[REQUIRED ACTION]: Everything from the line containing "Overlooking the Bay" to the end of the listing, both included, should be returned exactly, apart from the pictures.

[THE RECORDS]:
- - - - - - -
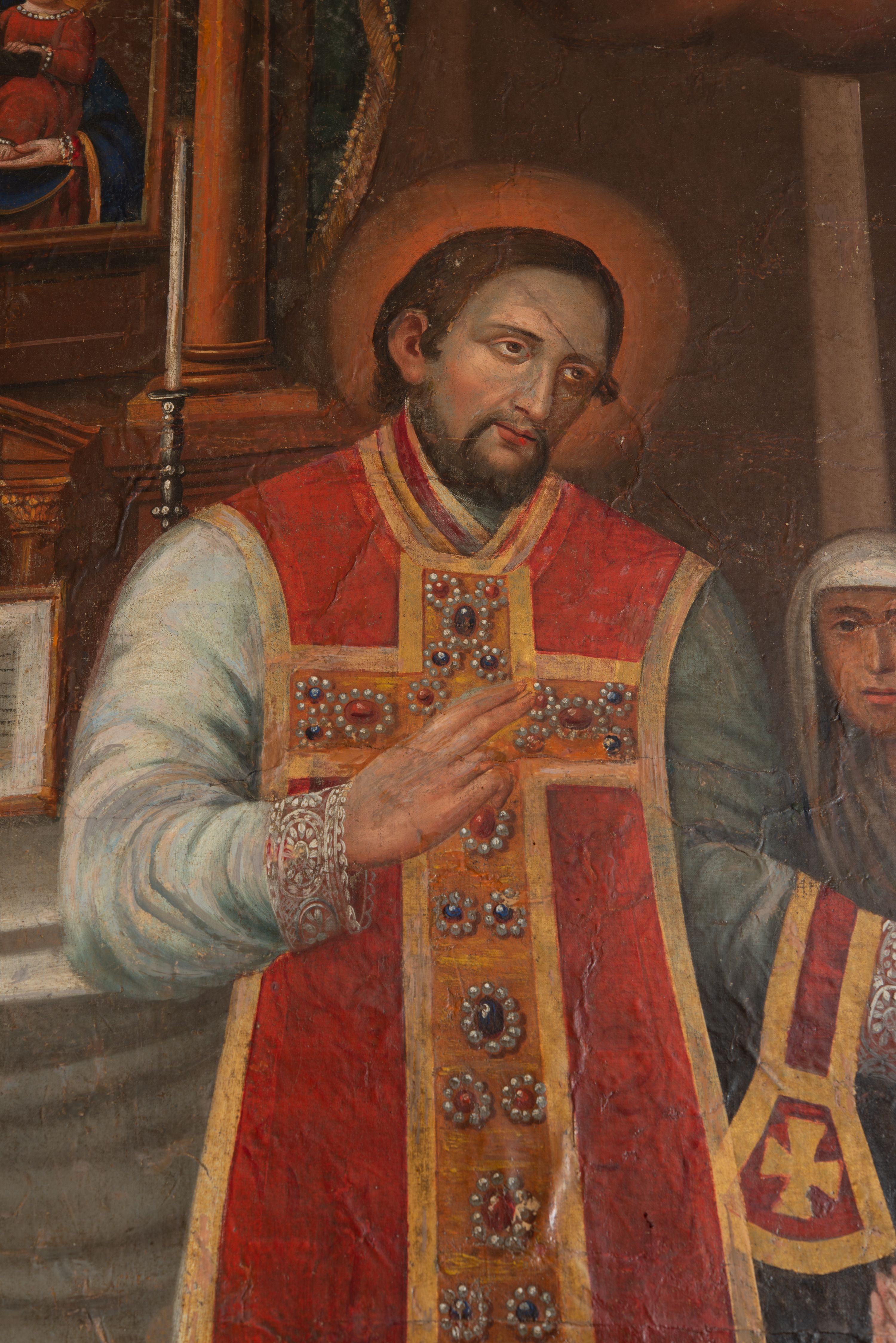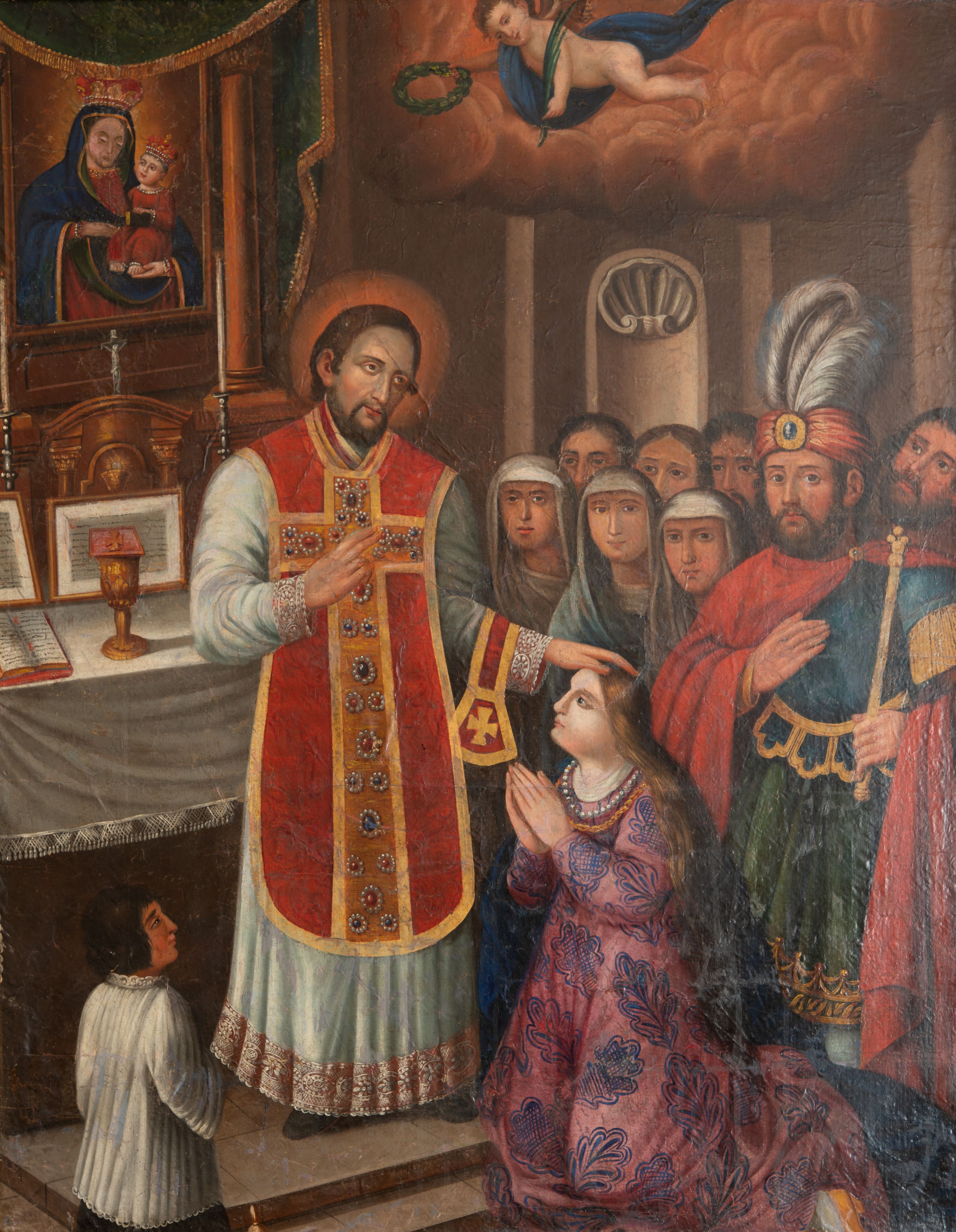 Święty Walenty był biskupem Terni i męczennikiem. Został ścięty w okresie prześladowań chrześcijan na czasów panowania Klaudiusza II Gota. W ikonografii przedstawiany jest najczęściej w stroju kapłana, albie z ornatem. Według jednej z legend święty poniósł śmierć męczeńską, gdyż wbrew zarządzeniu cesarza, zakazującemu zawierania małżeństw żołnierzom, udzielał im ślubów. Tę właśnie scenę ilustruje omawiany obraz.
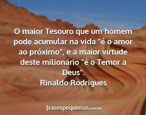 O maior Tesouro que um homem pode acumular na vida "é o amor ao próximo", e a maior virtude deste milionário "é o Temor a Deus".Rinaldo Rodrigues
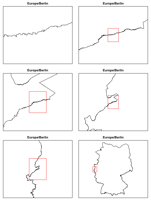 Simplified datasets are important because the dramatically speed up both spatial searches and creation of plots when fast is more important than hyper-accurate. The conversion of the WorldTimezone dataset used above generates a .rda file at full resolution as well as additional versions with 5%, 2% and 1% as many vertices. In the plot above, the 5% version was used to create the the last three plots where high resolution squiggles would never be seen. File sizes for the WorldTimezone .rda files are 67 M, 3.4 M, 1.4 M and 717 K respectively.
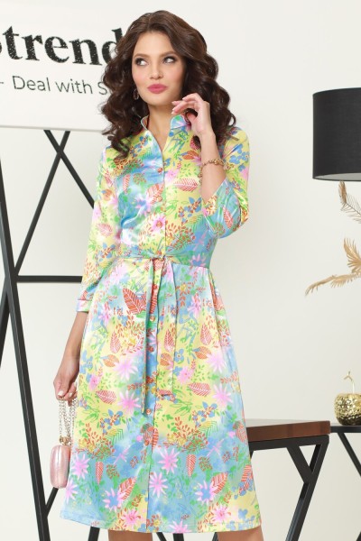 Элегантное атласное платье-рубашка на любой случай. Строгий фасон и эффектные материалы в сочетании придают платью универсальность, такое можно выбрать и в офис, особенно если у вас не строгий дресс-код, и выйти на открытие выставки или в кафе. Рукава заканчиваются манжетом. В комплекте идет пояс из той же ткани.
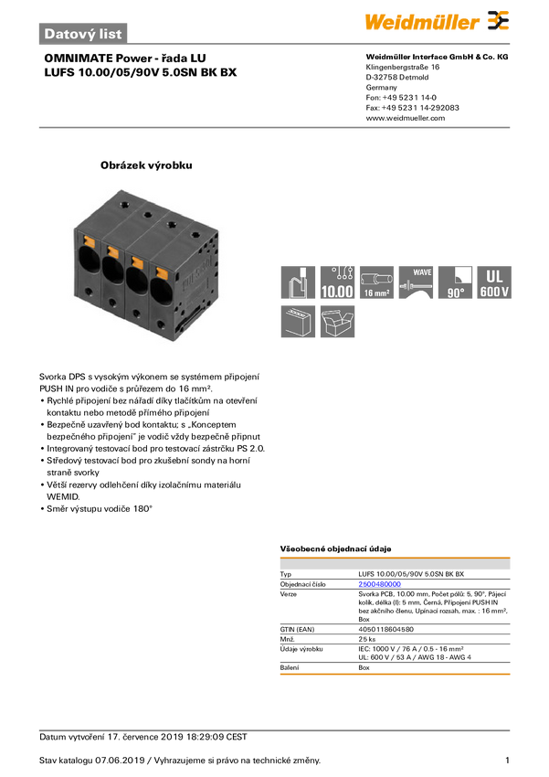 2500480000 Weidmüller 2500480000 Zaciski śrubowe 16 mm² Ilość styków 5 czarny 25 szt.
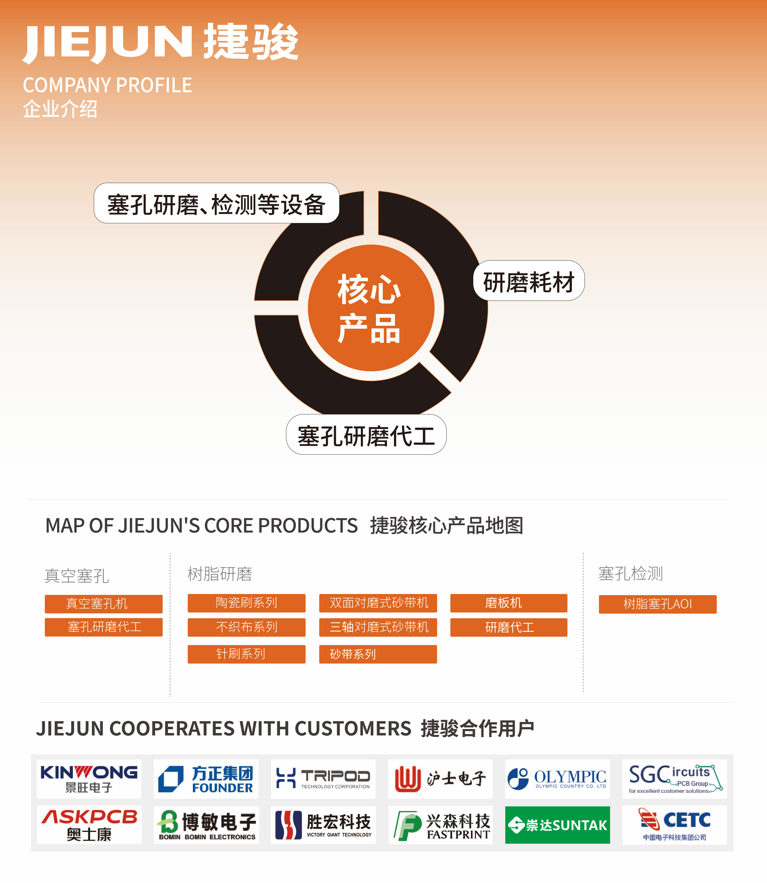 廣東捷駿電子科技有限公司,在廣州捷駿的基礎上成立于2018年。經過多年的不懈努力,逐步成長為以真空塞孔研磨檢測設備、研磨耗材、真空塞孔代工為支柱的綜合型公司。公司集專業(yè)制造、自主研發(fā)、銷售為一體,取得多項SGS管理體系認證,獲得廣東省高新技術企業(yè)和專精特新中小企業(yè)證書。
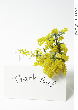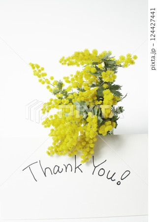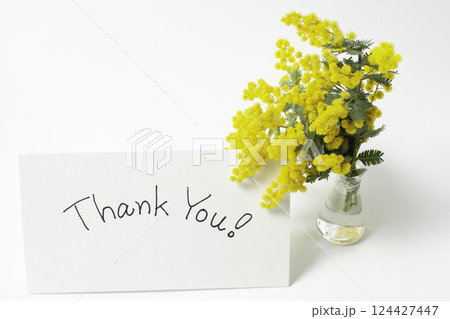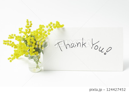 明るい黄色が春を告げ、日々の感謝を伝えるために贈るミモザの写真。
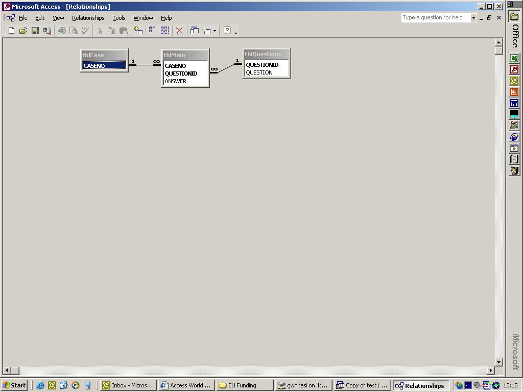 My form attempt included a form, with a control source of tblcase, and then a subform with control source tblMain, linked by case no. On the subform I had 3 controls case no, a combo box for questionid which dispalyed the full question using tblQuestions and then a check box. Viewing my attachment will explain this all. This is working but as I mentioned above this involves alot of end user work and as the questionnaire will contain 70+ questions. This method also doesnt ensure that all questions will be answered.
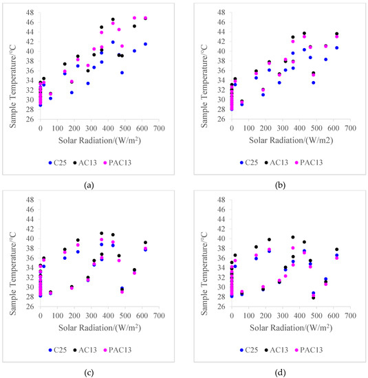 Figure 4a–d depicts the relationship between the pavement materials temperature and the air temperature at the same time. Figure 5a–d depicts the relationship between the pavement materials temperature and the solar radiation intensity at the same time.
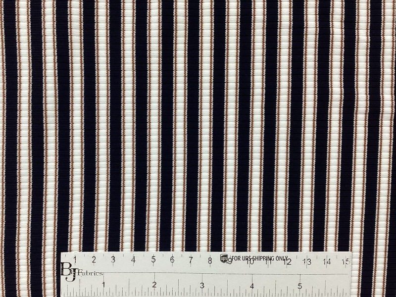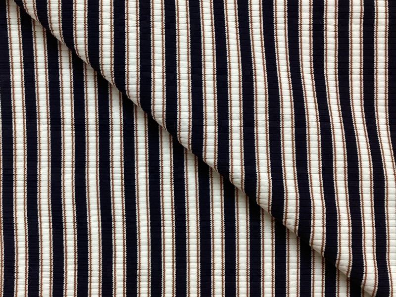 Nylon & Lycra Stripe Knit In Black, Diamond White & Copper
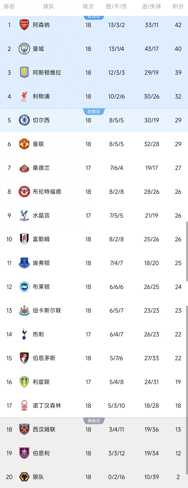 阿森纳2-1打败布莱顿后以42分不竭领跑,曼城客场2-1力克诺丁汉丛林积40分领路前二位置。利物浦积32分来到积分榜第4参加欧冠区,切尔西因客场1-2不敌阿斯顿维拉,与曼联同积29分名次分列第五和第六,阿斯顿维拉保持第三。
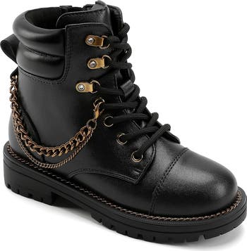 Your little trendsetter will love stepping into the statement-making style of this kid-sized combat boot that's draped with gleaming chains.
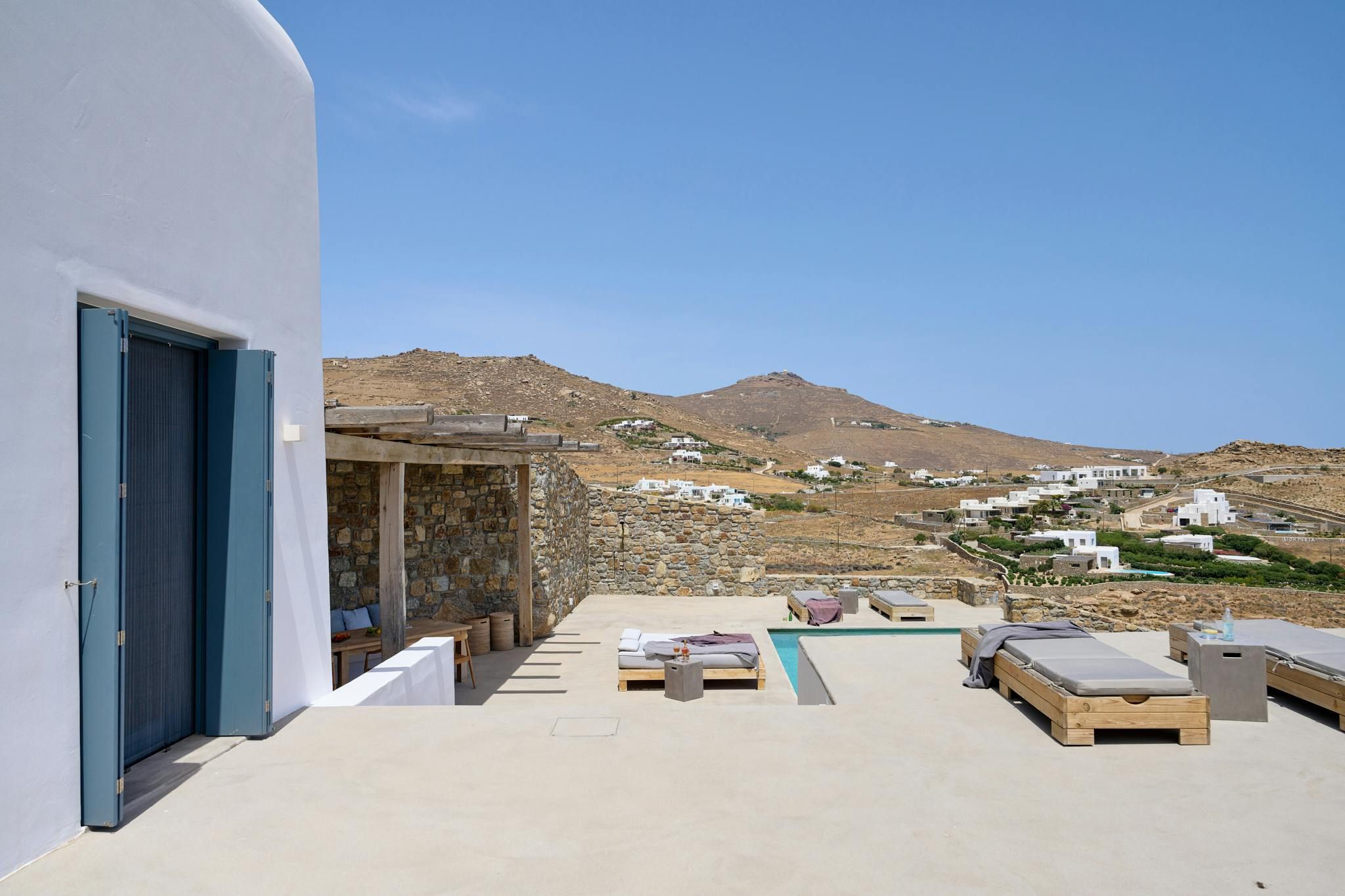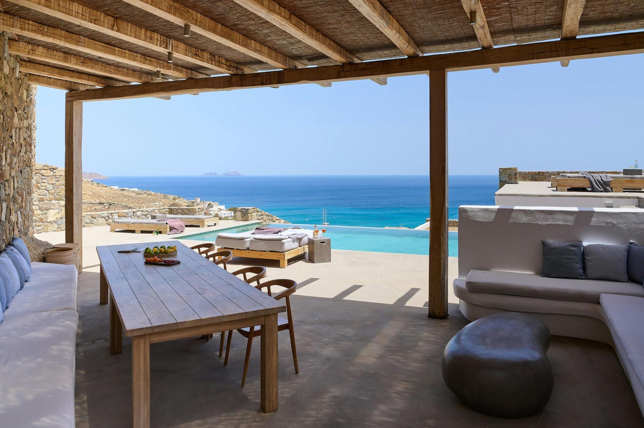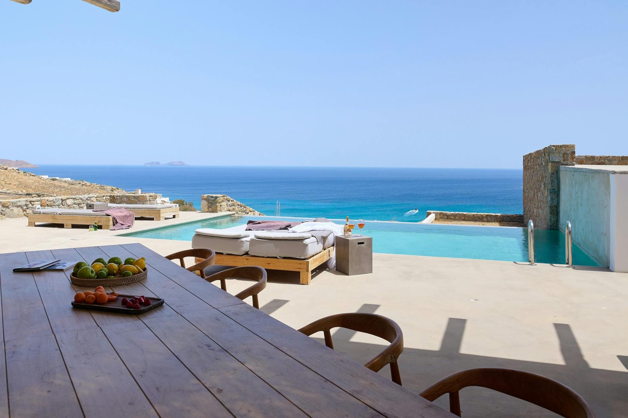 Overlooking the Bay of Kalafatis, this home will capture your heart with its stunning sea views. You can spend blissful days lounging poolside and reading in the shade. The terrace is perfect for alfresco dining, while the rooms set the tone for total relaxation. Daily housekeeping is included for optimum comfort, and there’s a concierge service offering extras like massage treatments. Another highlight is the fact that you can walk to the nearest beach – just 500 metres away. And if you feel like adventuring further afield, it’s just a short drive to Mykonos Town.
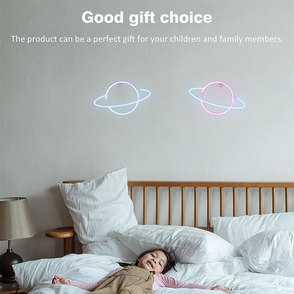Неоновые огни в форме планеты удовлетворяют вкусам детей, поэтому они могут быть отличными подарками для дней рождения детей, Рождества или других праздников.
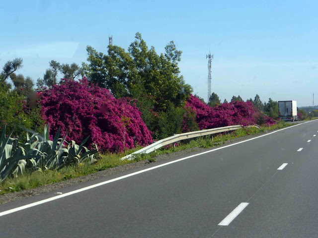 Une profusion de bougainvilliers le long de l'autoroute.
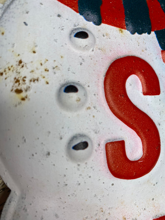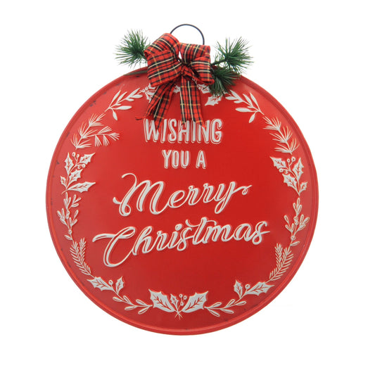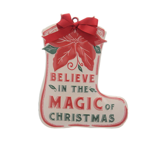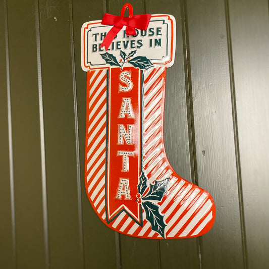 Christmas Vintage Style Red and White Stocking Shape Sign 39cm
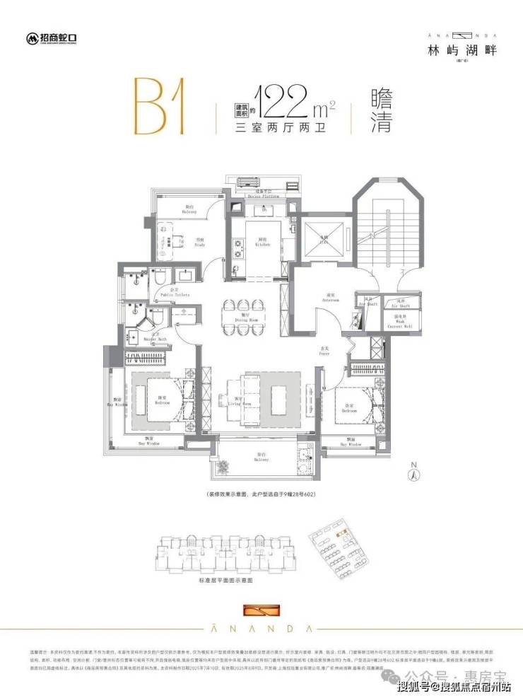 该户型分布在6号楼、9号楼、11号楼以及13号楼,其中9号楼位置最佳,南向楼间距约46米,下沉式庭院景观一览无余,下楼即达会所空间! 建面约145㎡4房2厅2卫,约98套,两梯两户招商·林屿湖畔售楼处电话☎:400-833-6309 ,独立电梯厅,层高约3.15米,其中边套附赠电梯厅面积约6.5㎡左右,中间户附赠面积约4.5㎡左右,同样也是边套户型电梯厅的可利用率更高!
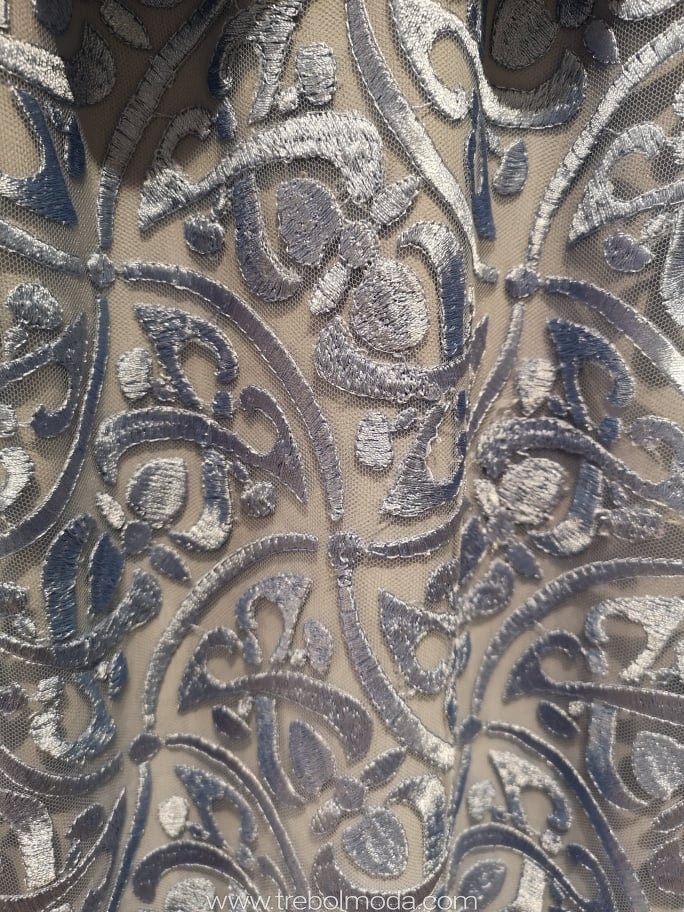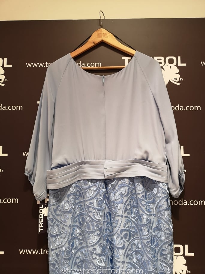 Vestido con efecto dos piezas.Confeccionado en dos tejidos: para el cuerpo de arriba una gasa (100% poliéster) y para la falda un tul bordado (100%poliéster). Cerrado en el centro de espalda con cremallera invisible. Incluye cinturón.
- - - - - - -
[YOUR RESPONSE]:
 Overlooking the Bay of Kalafatis, this home will capture your heart with its stunning sea views. You can spend blissful days lounging poolside and reading in the shade. The terrace is perfect for alfresco dining, while the rooms set the tone for total relaxation. Daily housekeeping is included for optimum comfort, and there’s a concierge service offering extras like massage treatments. Another highlight is the fact that you can walk to the nearest beach – just 500 metres away. And if you feel like adventuring further afield, it’s just a short drive to Mykonos Town.
Неоновые огни в форме планеты удовлетворяют вкусам детей, поэтому они могут быть отличными подарками для дней рождения детей, Рождества или других праздников.
 Une profusion de bougainvilliers le long de l'autoroute.
 Christmas Vintage Style Red and White Stocking Shape Sign 39cm
 该户型分布在6号楼、9号楼、11号楼以及13号楼,其中9号楼位置最佳,南向楼间距约46米,下沉式庭院景观一览无余,下楼即达会所空间! 建面约145㎡4房2厅2卫,约98套,两梯两户招商·林屿湖畔售楼处电话☎:400-833-6309 ,独立电梯厅,层高约3.15米,其中边套附赠电梯厅面积约6.5㎡左右,中间户附赠面积约4.5㎡左右,同样也是边套户型电梯厅的可利用率更高!
 Vestido con efecto dos piezas.Confeccionado en dos tejidos: para el cuerpo de arriba una gasa (100% poliéster) y para la falda un tul bordado (100%poliéster). Cerrado en el centro de espalda con cremallera invisible. Incluye cinturón.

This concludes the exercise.